The biblical narrative of the Exodus from slavery understands the reparations taken by the Israelites to be an essential part of the redemption from servitude.
The following is a much-abbreviated version of Rabbi Aryeh Bernstein’s 2018 article, “The Torah Case for Reparations,” which you can read in full at this link. The author prepared this shortened version for Evolve.

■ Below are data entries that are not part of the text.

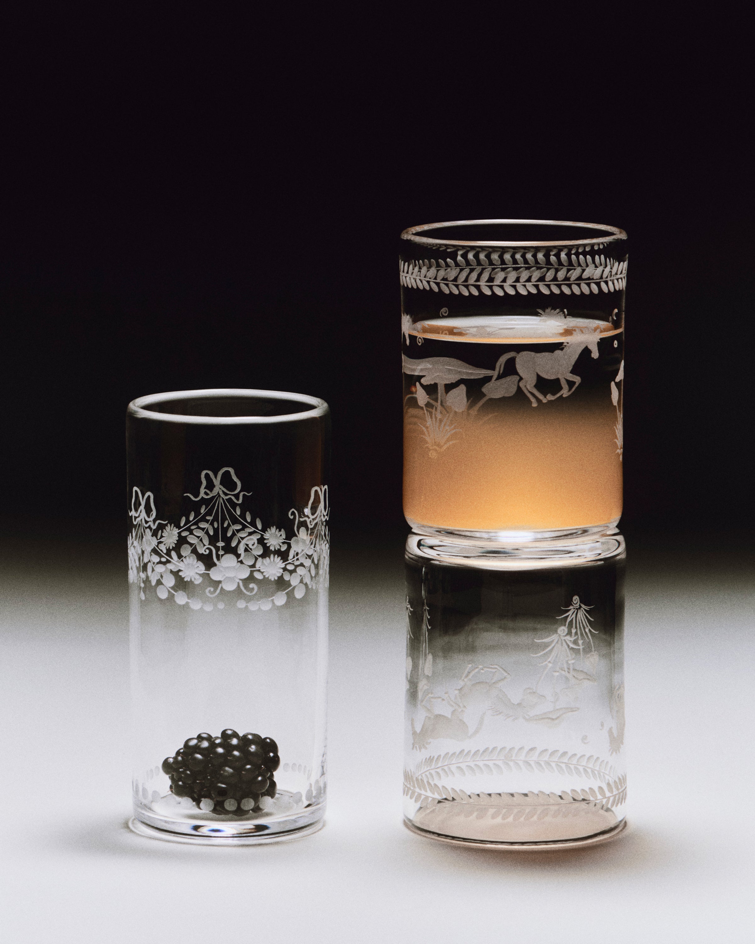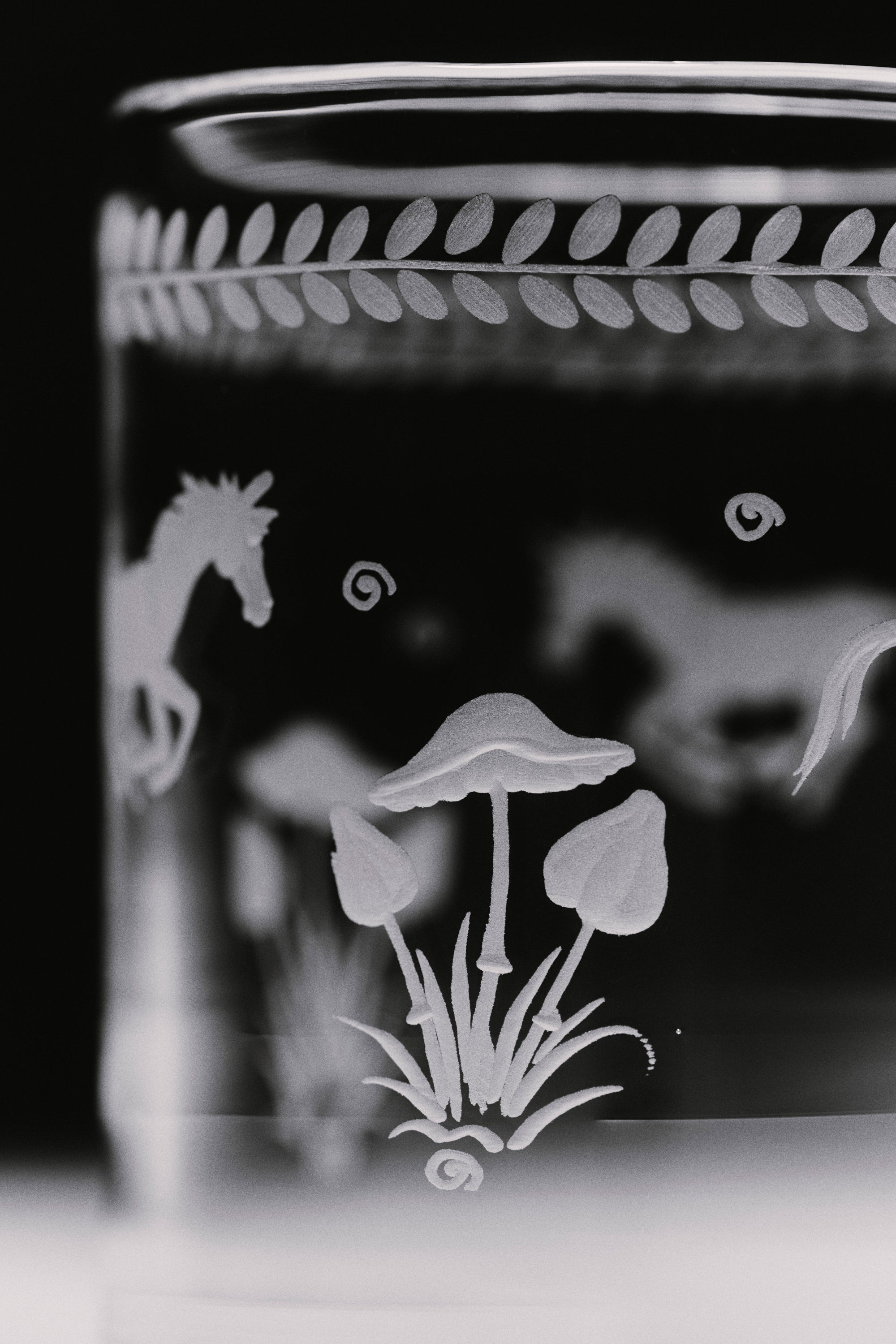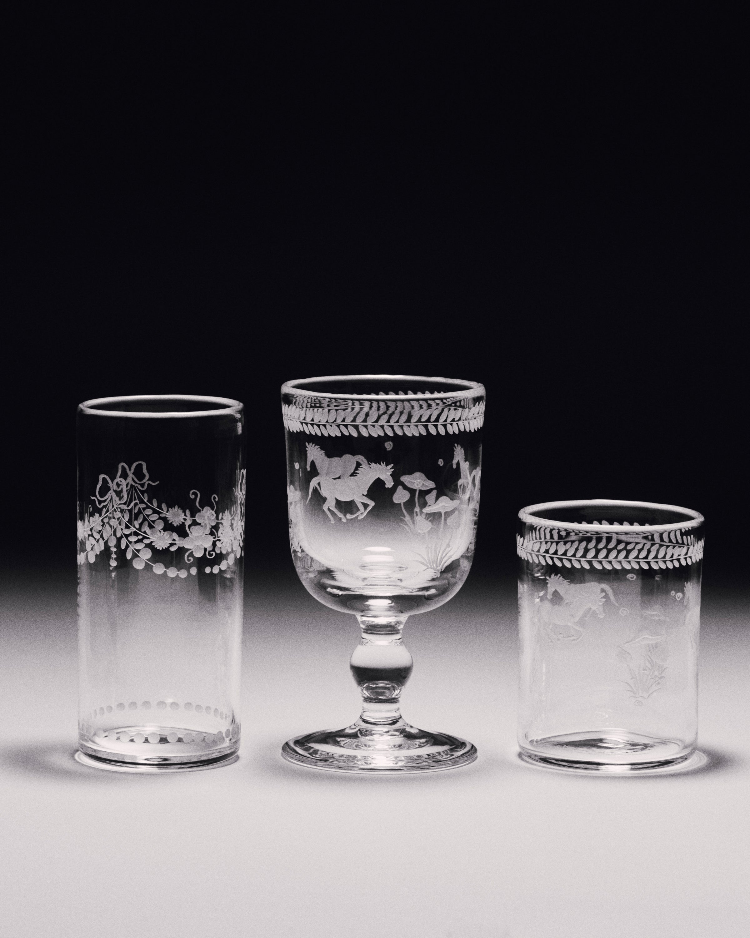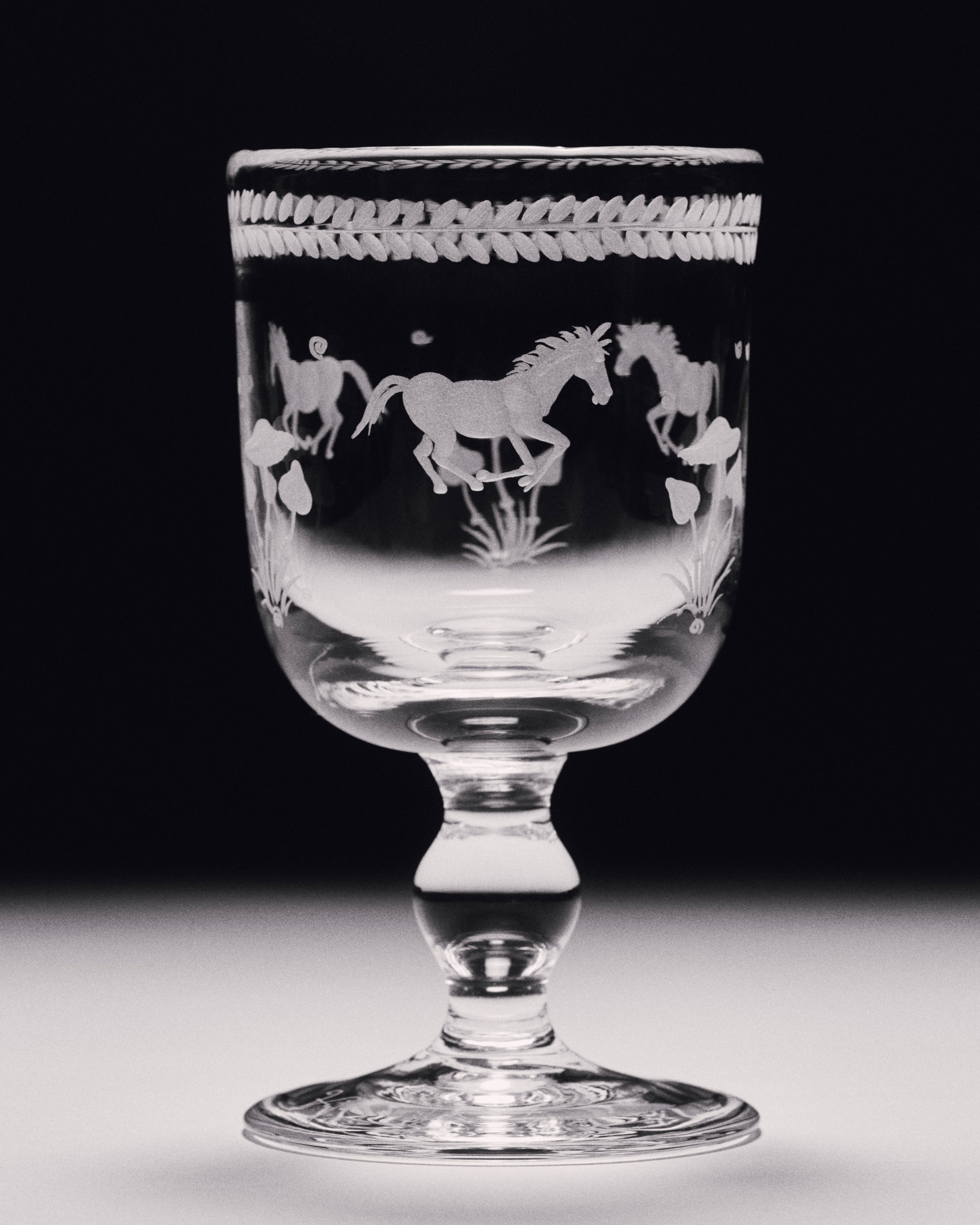 The Barbro glasses celebrate the elegance of the classical souvenir glass while embracing a contemporary design with a squared cup and sculptural stem. Each piece is patiently engraved by the hand of a master, possessing its own poetic character. The motifs are hand-sketched by Akua Objects, reflecting their design philosophy. The bow motif symbolizes unity, enriched with Art Deco inspired engravings, while the playful depictions of mushroom, flowers and horses celebrate the beauty of nature, the freedom of galloping and Annika's horse-filled childhood.
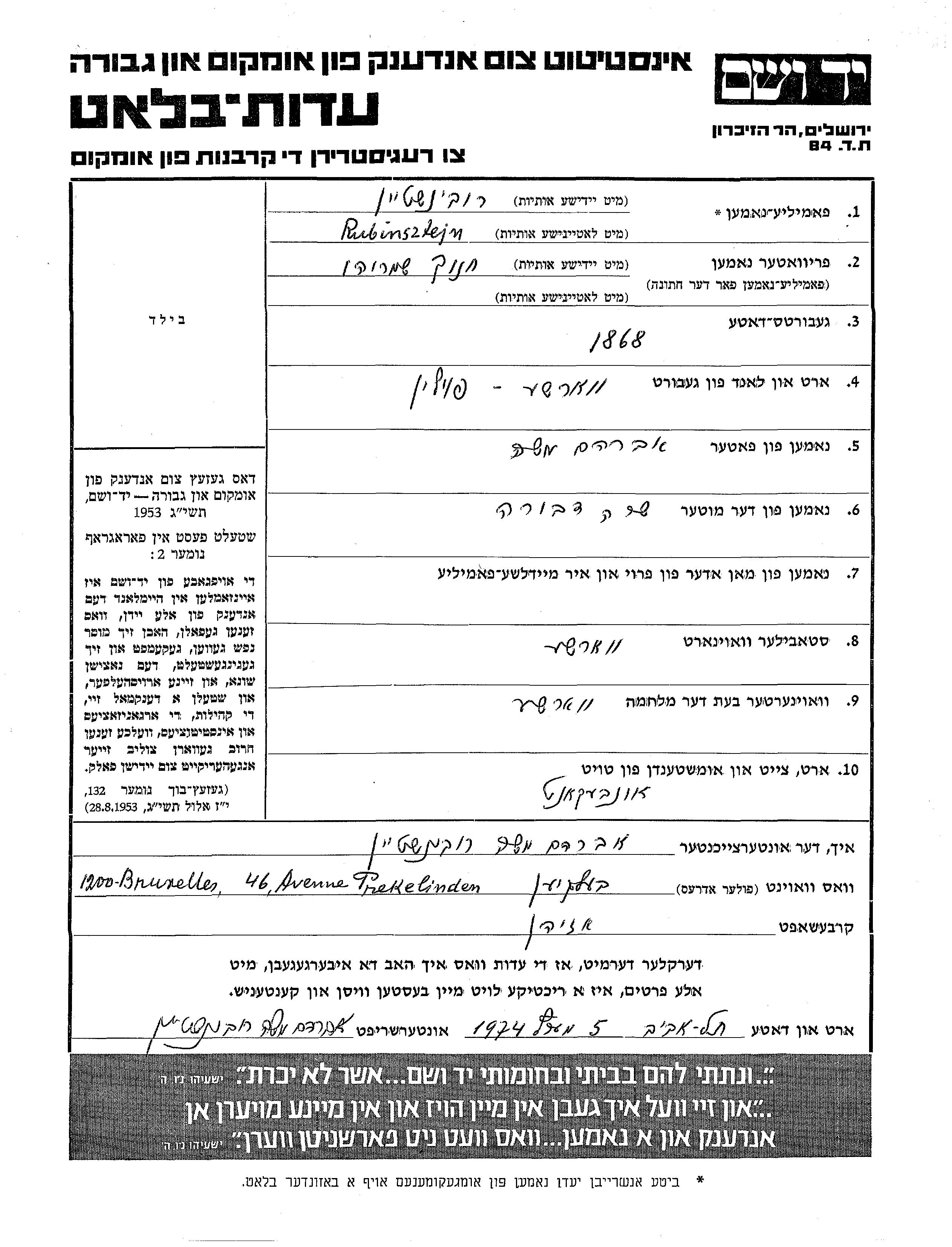Yad Vashem - Pages of Testimony Names Memorial Collection
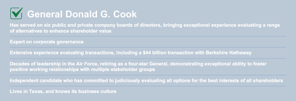 Based on feedback we received from our shareholders, who sought a nominee with extensive leadership and public company board experience, we have given considerable time and thought to identifying the most qualified new Trustee for TPL. We considered more than 15 candidates for the position, and General Cook stood head and shoulders above the rest.
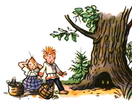 Испугались дети, кинулись бежать, даже корзинки бросили.
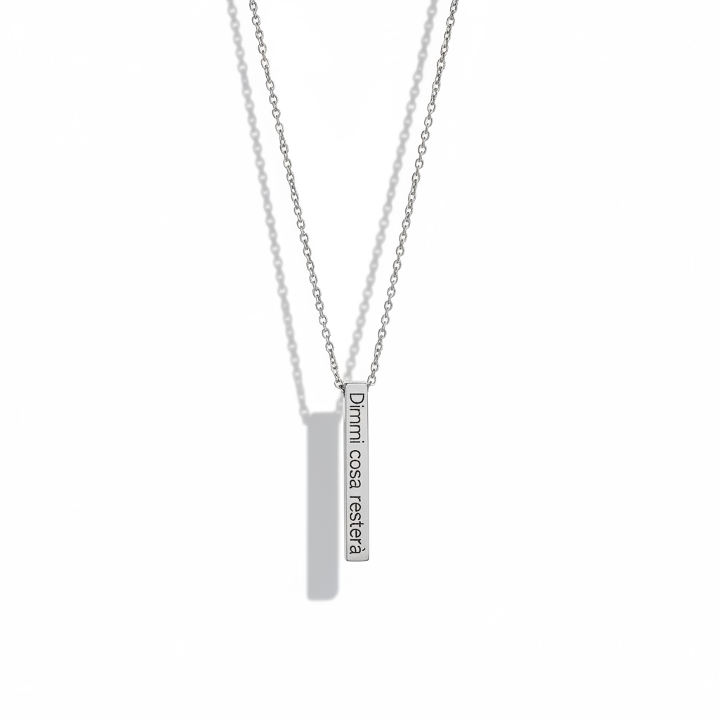 Collana minimal con pendente a barra verticale incisa, dal design elegante e moderno. Realizzata in acciaio inossidabile 316L ipoallergenico, resistente all’acqua e pensata per durare nel tempo senza perdere brillantezza. Perfetta da personalizzare con una frase, una data o un nome speciale, per trasformarla in un gioiello unico e carico di significato. Ideale da indossare ogni giorno o da regalare come ricordo prezioso.
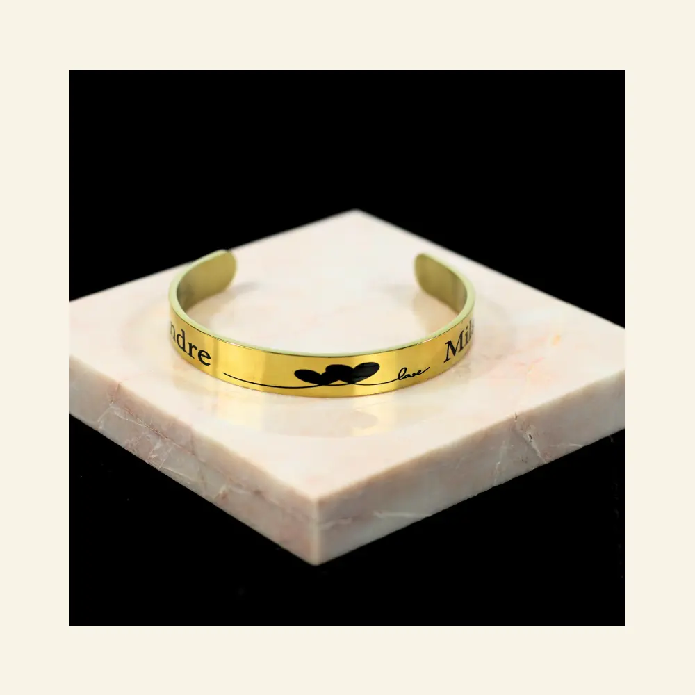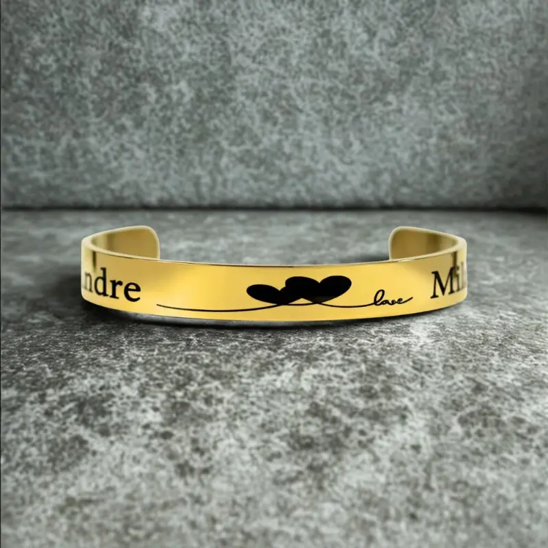 Een gepersonaliseerde armband vrouw is een krachtig statemen, omdat het combineert stijl met betekenis. Of je nu kiest voor bijvoorbeeld een moderne slavenarmband, een elegant goudkleurig sieraad, of een robuuste titanium armband, met een persoonlijke gravure geef je jouw sieradencollectie of cadeau een diepere dimensie.
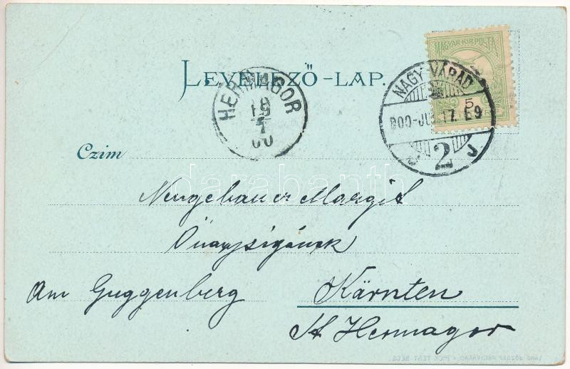 1900 Nagyvárad, Oradea; Városi színház. Lang József kiadása / theatre. Art Nouveau, floral, litho (EB)

In the last several years, cultural and political winds have moved the demand for reparations to Black Americans from the fringe into the mainstream of American politics. Ta-Nehisi Coates’s magisterial 2014 article, “The Case for Reparations,” deserves much of the credit for this shift. Slavery and its aftermath sit at the heart of the mythic consciousness of Judaism. Does Judaism have anything to contribute to a national consideration of reparations? I think it does.
We Took Reparations
Jews must support reparations in principle because we took reparations for our slave labor. We were commanded by God to do so, and we were promised these reparations in the earliest divine plan for our liberation. The Torah emphasizes that on the way out of Egypt, the Israelites emptied their Egyptian neighbors of their wealth (Exodus 12:35-36). This taking of reparations was not castigated as dishonest plundering or sinful vindictiveness, nor even as an optional bonus, but was a required component of liberation, as God had explicitly commanded the day before (Exodus 11:2).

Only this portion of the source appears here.